---- EXCERPTED DATA

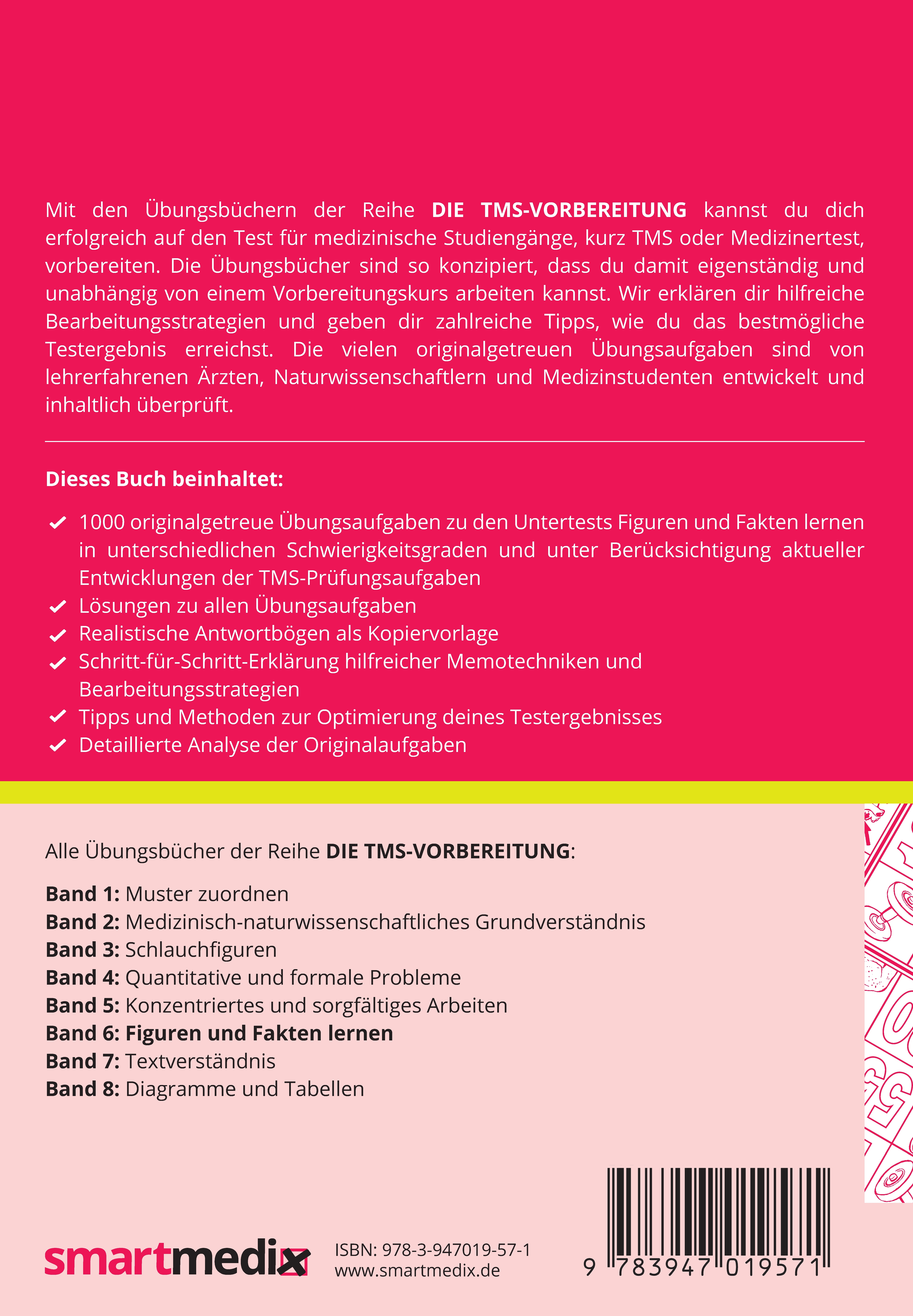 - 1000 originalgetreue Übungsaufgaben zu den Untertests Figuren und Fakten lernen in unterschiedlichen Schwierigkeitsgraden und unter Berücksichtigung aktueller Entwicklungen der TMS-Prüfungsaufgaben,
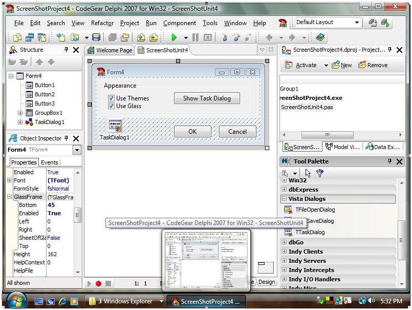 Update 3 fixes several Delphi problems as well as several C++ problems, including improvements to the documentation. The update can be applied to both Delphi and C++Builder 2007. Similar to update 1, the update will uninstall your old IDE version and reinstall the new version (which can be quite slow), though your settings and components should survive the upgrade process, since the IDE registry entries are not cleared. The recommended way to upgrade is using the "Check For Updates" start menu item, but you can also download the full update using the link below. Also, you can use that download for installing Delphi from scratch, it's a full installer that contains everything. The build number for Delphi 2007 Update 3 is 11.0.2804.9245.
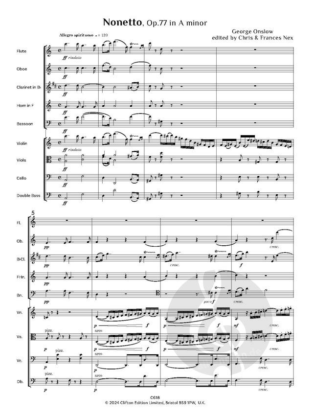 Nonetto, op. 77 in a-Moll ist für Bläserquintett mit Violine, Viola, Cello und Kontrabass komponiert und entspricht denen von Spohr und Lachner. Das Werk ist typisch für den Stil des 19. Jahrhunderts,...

--------
---- EXCERPTED DATA

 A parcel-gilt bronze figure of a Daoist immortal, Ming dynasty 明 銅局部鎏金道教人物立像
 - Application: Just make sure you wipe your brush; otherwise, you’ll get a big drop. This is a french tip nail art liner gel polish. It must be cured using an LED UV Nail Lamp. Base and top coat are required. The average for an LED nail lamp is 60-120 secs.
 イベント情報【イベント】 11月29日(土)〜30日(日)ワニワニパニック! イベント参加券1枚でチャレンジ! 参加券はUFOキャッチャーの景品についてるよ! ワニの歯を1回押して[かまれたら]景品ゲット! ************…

--------
---- EXCERPTED DATA

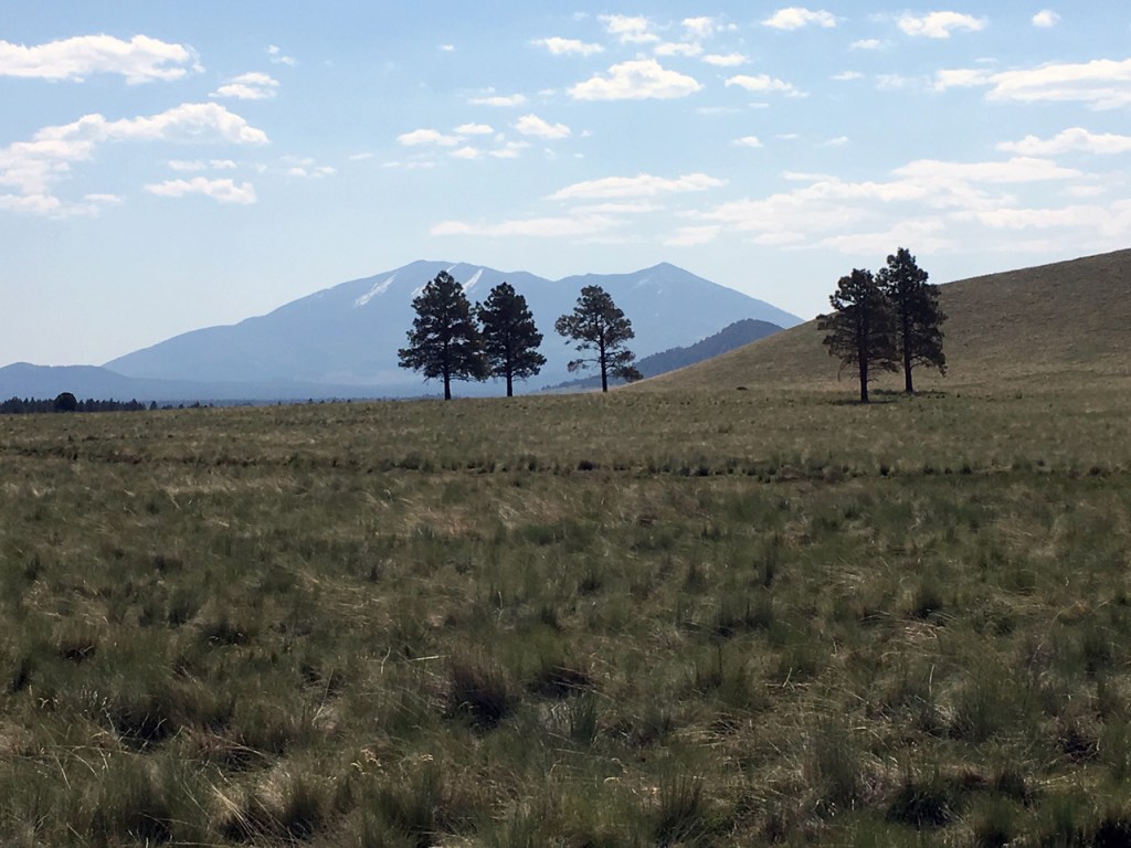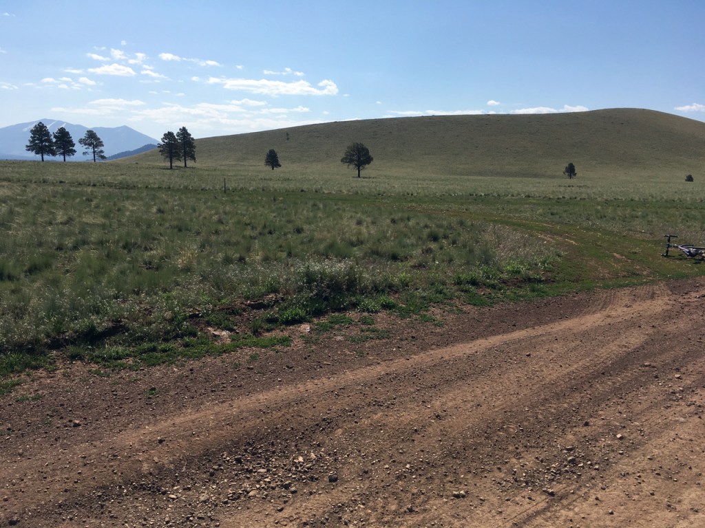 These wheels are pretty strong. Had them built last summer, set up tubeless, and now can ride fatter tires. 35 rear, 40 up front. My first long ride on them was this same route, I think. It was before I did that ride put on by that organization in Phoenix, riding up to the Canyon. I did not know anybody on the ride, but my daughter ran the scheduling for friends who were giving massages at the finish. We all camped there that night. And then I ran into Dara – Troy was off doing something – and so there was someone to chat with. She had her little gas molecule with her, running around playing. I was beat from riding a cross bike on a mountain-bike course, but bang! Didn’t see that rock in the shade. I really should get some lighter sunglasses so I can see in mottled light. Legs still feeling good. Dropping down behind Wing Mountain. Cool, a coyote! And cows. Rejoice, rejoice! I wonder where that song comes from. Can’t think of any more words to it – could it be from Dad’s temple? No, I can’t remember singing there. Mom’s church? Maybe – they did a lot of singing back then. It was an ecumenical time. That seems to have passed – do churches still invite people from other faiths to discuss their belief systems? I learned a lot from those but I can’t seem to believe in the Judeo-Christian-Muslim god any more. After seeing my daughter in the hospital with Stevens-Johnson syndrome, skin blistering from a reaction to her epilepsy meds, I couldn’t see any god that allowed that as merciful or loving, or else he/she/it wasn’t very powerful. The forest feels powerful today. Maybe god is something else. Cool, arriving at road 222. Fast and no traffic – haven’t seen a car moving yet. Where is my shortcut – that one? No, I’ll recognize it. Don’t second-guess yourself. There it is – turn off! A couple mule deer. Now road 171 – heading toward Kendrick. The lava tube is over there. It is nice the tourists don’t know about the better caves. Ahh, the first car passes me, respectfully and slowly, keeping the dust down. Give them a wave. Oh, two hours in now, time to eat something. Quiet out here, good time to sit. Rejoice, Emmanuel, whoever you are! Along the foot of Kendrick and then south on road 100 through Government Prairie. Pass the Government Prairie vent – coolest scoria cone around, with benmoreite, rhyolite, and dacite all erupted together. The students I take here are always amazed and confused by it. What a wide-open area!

--------

Your answer must be the lines above from the one containing "A parcel-gilt bronze" to the one containing "- Application: Just", both included, restated word for word.

* **RESPONSE AREA**:
 A parcel-gilt bronze figure of a Daoist immortal, Ming dynasty 明 銅局部鎏金道教人物立像
 - Application: Just make sure you wipe your brush; otherwise, you’ll get a big drop. This is a french tip nail art liner gel polish. It must be cured using an LED UV Nail Lamp. Base and top coat are required. The average for an LED nail lamp is 60-120 secs.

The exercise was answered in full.